SA's second national operator, Neotel, which celebrated its fourth birthday yesterday, is starting to expand its product range.
The company, the second fixed-line entrant into SA's telecoms environment, has laid 4 500km of fibre in Cape Town, Johannesburg and Durban, and has a 12 000km national network. It also has two data centres and an IP-based next-generation network.
Executive head of technology Angus Hay says Neotel is now gearing up to launch value-added products, such as outsourced call centre facilities at a per-seat price, tele-presence video conferencing, and a content delivery network to offer live video streaming.

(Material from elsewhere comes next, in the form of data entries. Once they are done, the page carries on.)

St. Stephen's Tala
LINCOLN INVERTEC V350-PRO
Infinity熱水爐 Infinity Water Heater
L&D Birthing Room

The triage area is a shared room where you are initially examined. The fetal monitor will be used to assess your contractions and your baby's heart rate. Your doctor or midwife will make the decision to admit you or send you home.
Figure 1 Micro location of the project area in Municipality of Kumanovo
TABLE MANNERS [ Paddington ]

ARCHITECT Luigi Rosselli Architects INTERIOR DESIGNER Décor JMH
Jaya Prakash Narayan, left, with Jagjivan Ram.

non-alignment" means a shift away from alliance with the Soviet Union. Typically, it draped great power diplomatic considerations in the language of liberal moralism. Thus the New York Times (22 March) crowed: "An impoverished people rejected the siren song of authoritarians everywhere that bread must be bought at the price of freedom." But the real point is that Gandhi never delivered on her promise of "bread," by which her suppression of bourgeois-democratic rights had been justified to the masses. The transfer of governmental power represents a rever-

Hay was addressing delegates at the Gartner 2010 Symposium, in Cape Town, this week. He said Neotel offers a converged service that bundles voice, data and networking through one IP-based communications network.
Neotel can also leverage parent company Tata Communications' vast global network, said Hay. He explained that Tata carries 15% of the world's Internet traffic, and is the largest carrier of wholesale voice minutes.

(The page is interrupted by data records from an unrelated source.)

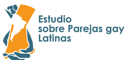
Figure 4. Latinos en Pareja logo.

and Jack’d. Our profile heading included the words “En pareja [In a relationship?]?” and a picture of a couple holding each other. The couple was part of our stakeholder team who consented in writing to use of the picture. Once potential participants clicked on the profile, they were directed to the following heading, “Proyecto sobre Latinos en Pareja [Latino gay couples study]”, and a brief description that included the following message, “Proyecto sobre latinos en pareja. Promoviendo relaciones saludables. Cada participante puede recibir hasta $120. Nos puede llamar ahora para determinar si es elegible [Latino gay couples study. Promoting healthy relationships. Each participant can receive up to $120. Call us to determine if you are eligible]”, plus a phone number and email address. Participants also had the option to access our Latinos en Pareja Facebook page, using the social network link built into the apps.
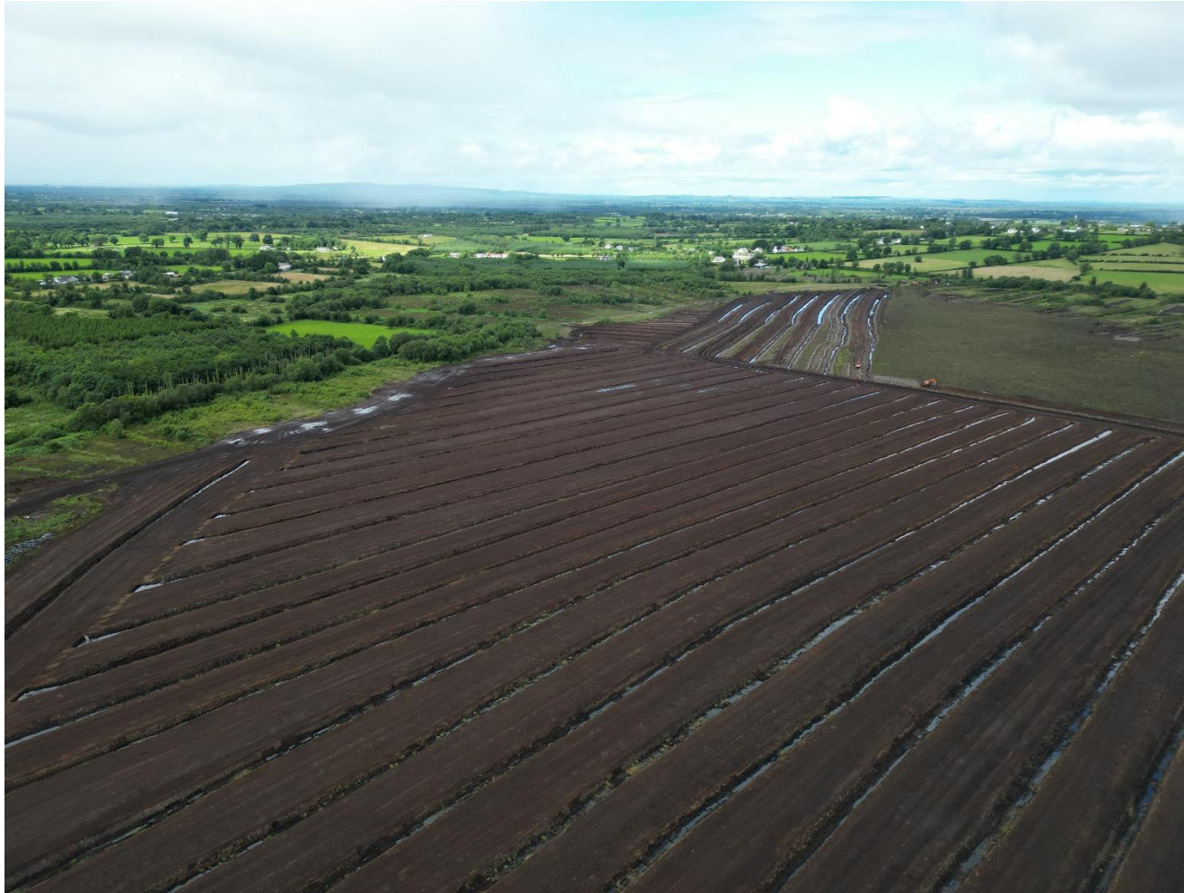
Photo 2: Two excavators noted in the North/North Western section of peatland where large sod peat had recently been removed.
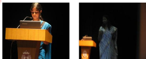
Figure 6: Occluded, non-orthogonal, distant from focus

The detected images are classified into pre-determined groups based on the content of the image through person, object identification and the context of the event. The images are then tagged with the classified group id.
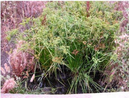
Cyperaceae - Cyperus eragrostis (tall cyperus)

The operator also has access to several undersea cables, including SAFE, Seacom, SAT3 and Eassy, said Hay. He stated that Neotel is about 500m away from most enterprises in Johannesburg, Cape Town and Durban, and can easily connect companies to the network.
In the pipeline
In addition, it is deploying a content delivery network that will be overlaid on its IP infrastructure. Hay said 10% of the information delivered over the Internet is content, such as video. The company's network will prioritise video and allow for real-time delivery.
Hay added that Neotel is also offering a hosted contact centre environment, which the company will sell anywhere in the world on a pay-per-seat basis.
Neotel's first tele-presence room has also gone live at its Midrand-based head office. Hay said companies can rent it per hour, or choose to have Neotel build their own private room.
* Nicola Mawson is being hosted courtesy of Gartner.